The future of computer vision

Oct 15, 2014
3 minutes read

A friend and I had a discussion about computer vision recently. It was a good chat - we thought about some limitations that currently keep us from doing awesome things!

Stand alone image processing is hard

Running computer vision algorithms on consumer devices is plain simple, hard. Highly parallelized algorithms only run on specialized chips (available only on high-end devices). They also make devices bulky and pricy. Not everyone is going to adopt such hardware.

Sure, doing a few tasks is possible - filters, stabilization, editing. Some tasks require intensive processing - identifying objects, correlating images, etc (at least as of now).

Desktop technology will probably always be a step ahead of mobile. As processors get better, we’ll find newer things possible only on desktops. This makes me think there will always be the need to off-load some tasks to the cloud.

The internet of things

We’re almost at the brink of the age of internet of things. Companies like Cisco are already working to setup infrastructure for the billions of devices that will connect to the internet over the next decade.

Cameras will just become one “thing” on the internet. They’re to be supplemented with other “things”. We’re already starting to see this on a small scale:

  • Helmets that augment navigation direction on your view
  • Cameras stabilizing themselves with gyroscopes
  • Cloud based security cameras

In each of these cases, there is computer vision involved - and there’s another “thing” that helps supplemnts data. This additional data helps resolve some of the “uncertainities” inherent to computer vision.

Individually, each “thing” is pretty neat - but together they solve an everyday life problem!

In some of these cases, there’s a central server involved - with high processing power. This server responds back near real-time.

This leads me to:

Newer data transfer mechanisms

3G just doesn’t cut it anymore. 3g is a power hog. If we’re to make a lot of “things”, they need to be able to run for a long time before requiring new batteries.

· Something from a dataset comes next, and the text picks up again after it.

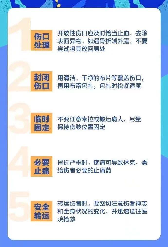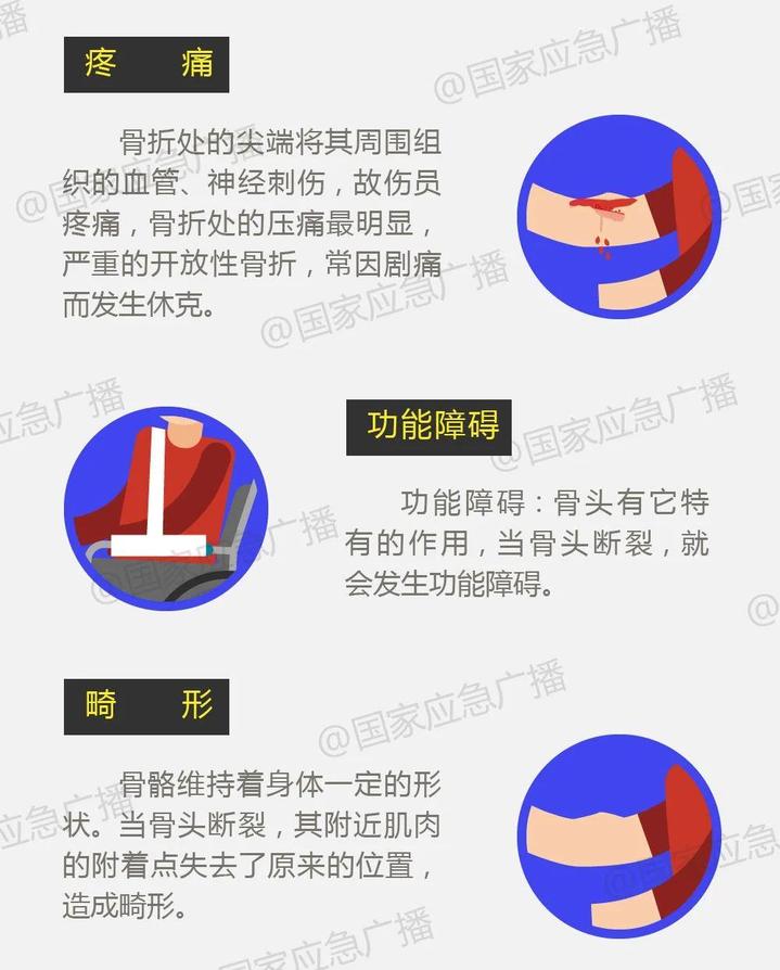 手臂骨折:可以使用报纸、杂志、雨伞等随身物品作为支撑物,用毛巾或衣服袖子等将手臂与支撑物绑定在一起,最后将手臂固定在脖子上。

Wifi needs to be made more efficient. The band probably also needs to be made wider (to support a large number of devices in a relatively small area).

Bandwidth needs to be come cheaper. A 4.7GB dvd can hold ~2hours of HQ video. A 140GB data cap would allow only for ~30 hours of video. If you stream this for a day or two, your done. Can there be a media codec designed for use by computer vision applications?

This suggests a big change in how data is managed - both by the ISP and by the consumer.

Large scale machine learning

One of the central problems of image processing is identification of objects. As with most algorithms, there is a top-down and a bottom-up approach. They’re exactly what you might imagine

  • Bottom-up is combining individual pixels into identifiable objects (say a couch or a laptop).
  • Top-down is starting with big chunks of the image and breaking it down till the desired granularity (like a beach scene could be broken into beach > water + sand + palm trees + people > waves + sand castle + palm tree leaves + men + women).

Neither class of algorithms “knows” what they’re looking for. They usually just run some mathematical correlation between pixels to sort out what’s what. Even humans need to be trained with “X is a couch” statements for years.

Machine learning of this sort on a large scale would produce good “knowledge” about the world. This might be worth a LOT in the near future, I imagine.